Reklama
Reklama

Monika Palikot o Januszu

Żona Palikota wychodzi z cienia! W niezwykle szczerym wywiadzie opowiada o tym, jak poznała swojego męża, co ją w nim ujęło i jak wyglądały początki ich związku.

W wywiadzie dla najnowszej "Gali" Monika Palikot przyznaje, że miłość do polityka spadła na nią jak grom z jasnego nieba. Po raz pierwszy zobaczyli się w Gardzienicach, wiosce koło Lublina, w której mieści się słynny ośrodek teatralny.
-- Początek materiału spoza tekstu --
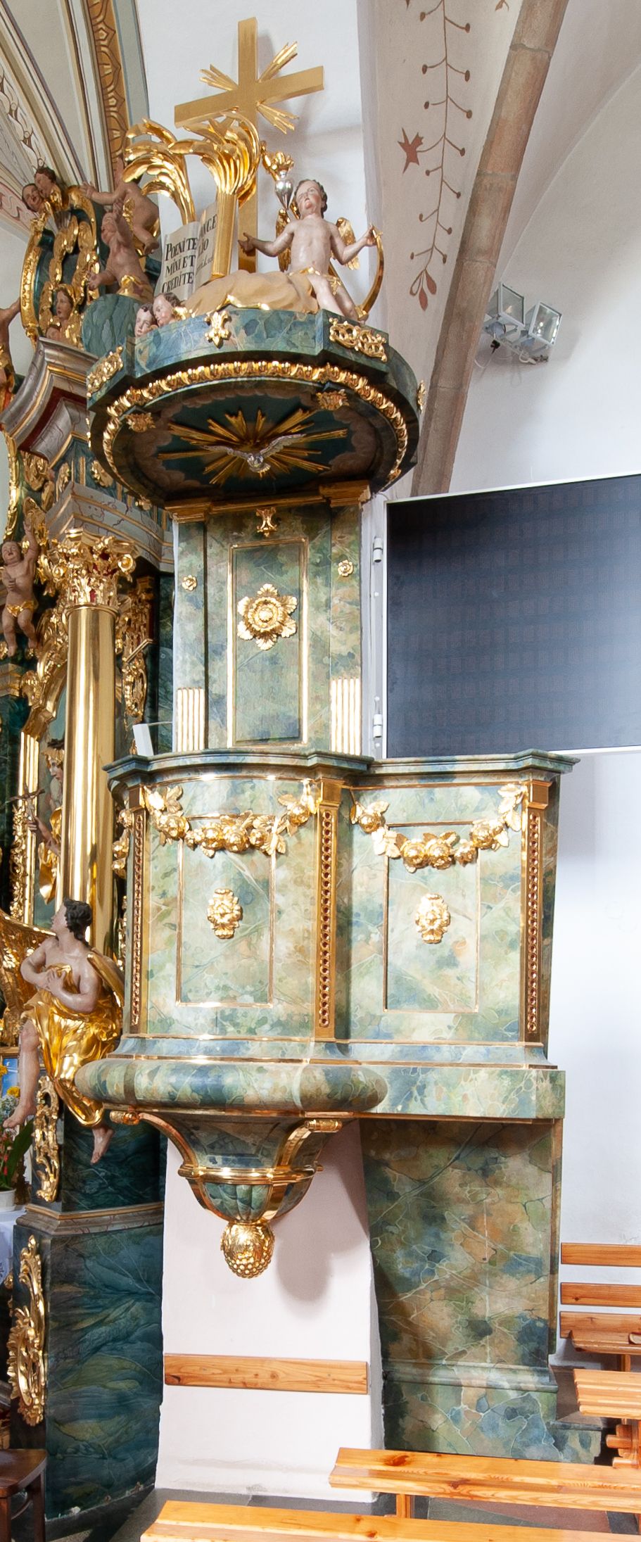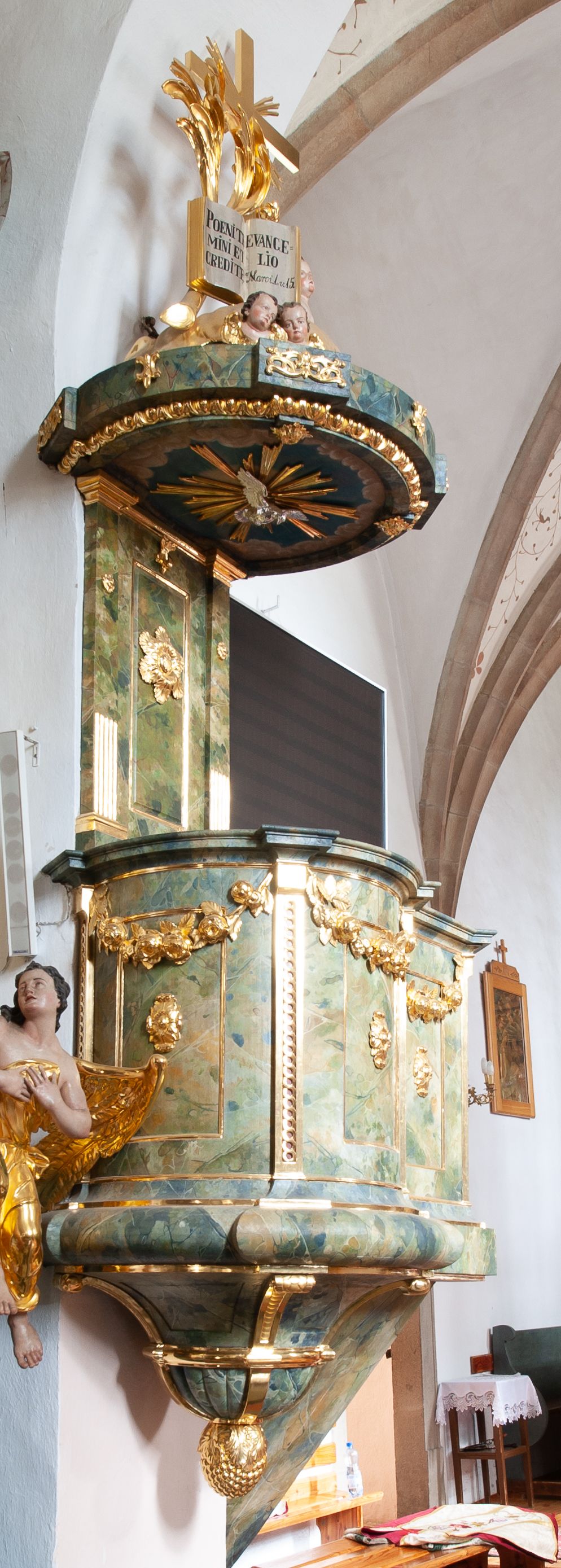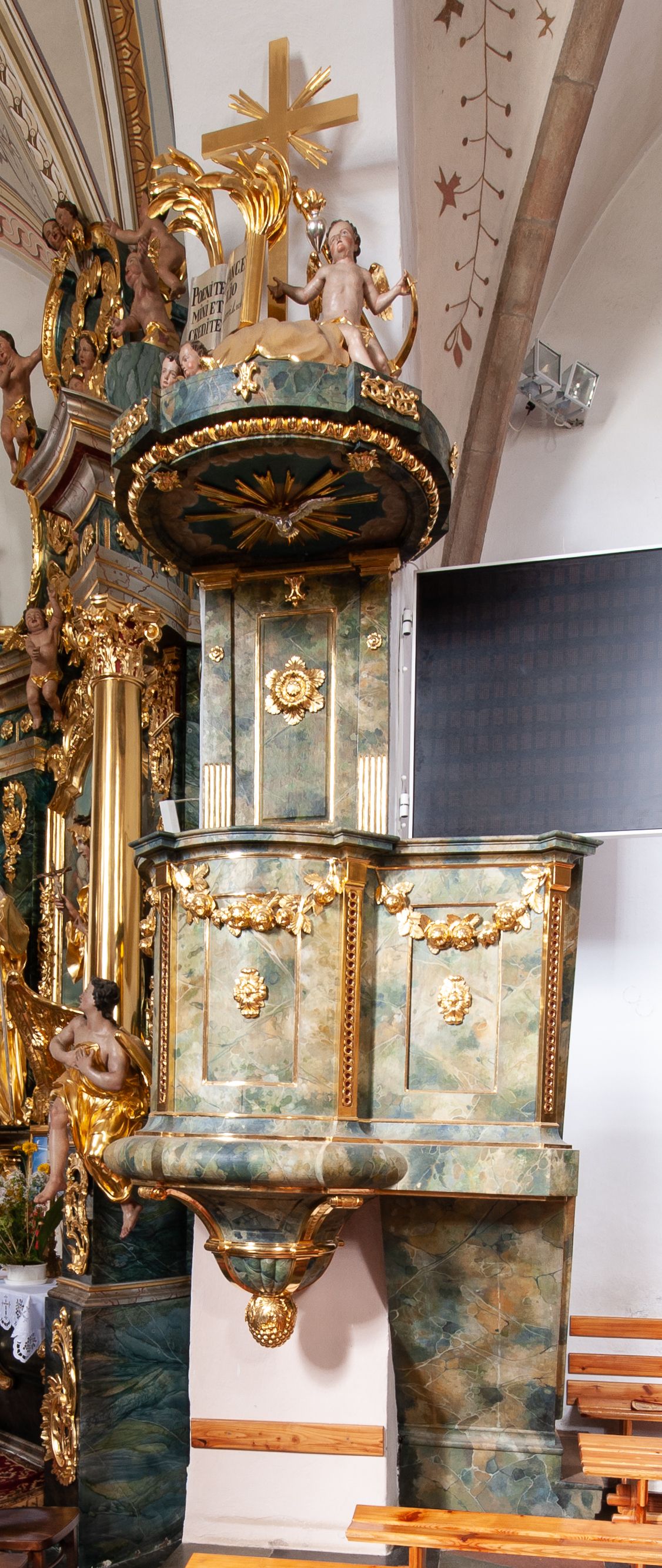 Ambona przyścienna, wisząca, z dostępem od strony prezbiterium w formie podestu i jednobiegowych schodów z pełną balustradą. Kosz na rzucie ściętego koła, na spłaszczonym wałku, z podwieszeniem o formie zbliżonej do stożka o wklęsłych bokach, ujętego czterema wolutami i pierścieniem, zakończonego szyszką. Ścianki kosza wydzielone wąskimi pilastrami, o trzonach dekorowanych plecionką, dźwigającymi gzyms stanowiący parapet, wyłamany na ich osi. W ich polach płyciny z rozetami, pod gzymsem podwieszone kwiatowe girlandy. Zaplecek wąski, flankowany dwoma pilastrami, kanelowanymi w dolnej partii trzonów, z rozetami w górnej. W polu płycina w formie stojącego prostokąta z dużą rozetą w środku, nad nią klucz. Baldachim na planie analogicznym do kosza, dekorowany kimationem oraz ornamentem roślinnym. Na nim rzeźbiony fragment skały z dwiema uskrzydlonymi główkami anielskimi, na którym leży otwarta księga z napisem „POENITE / MINI ET / CREDITE / EVANGE/LIO Marci 1. v(ersum) 15.”; za nią ustawione liście palm i duży krzyż, z promieniami na skrzyżowaniu belek. Obok, na skale siedzi putto, za nim gorejące serce i kotwica. Na podniebieniu baldachimu gołębica Ducha Świętego w glorii promienistej. Struktura ambony polichromowana na sposób imitujący marmoryzację w kolorze żółto-zielonym, detale i ornamentyka złocone.

Monika tam pracowała. Janusz przyjechał na spotkanie polityków z mieszkańcami. Wtedy okazało się, jak wiele ich łączy. Chadzali na te same spektakle i lubili te same miejsca w Warszawie. Z tego pierwszego spotkania zapamiętała jego strój: żółty sweter, niebieskie sztruksowe spodnie i zielone buty.

Reklama

"To było wielkie zauroczenie. A jednocześnie pewność, że tak musiało się zdarzyć" - mówi.

Wzajemna fascynacja była podobno tak intensywna, że Monika przeprowadziła się do Janusza już następnego dnia - choć, jak zaznacza, na krótko, musiała się bowiem udać w służbową podróż.

Potem były długie rozmowy przez telefon i szybka weryfikacja życiowych planów.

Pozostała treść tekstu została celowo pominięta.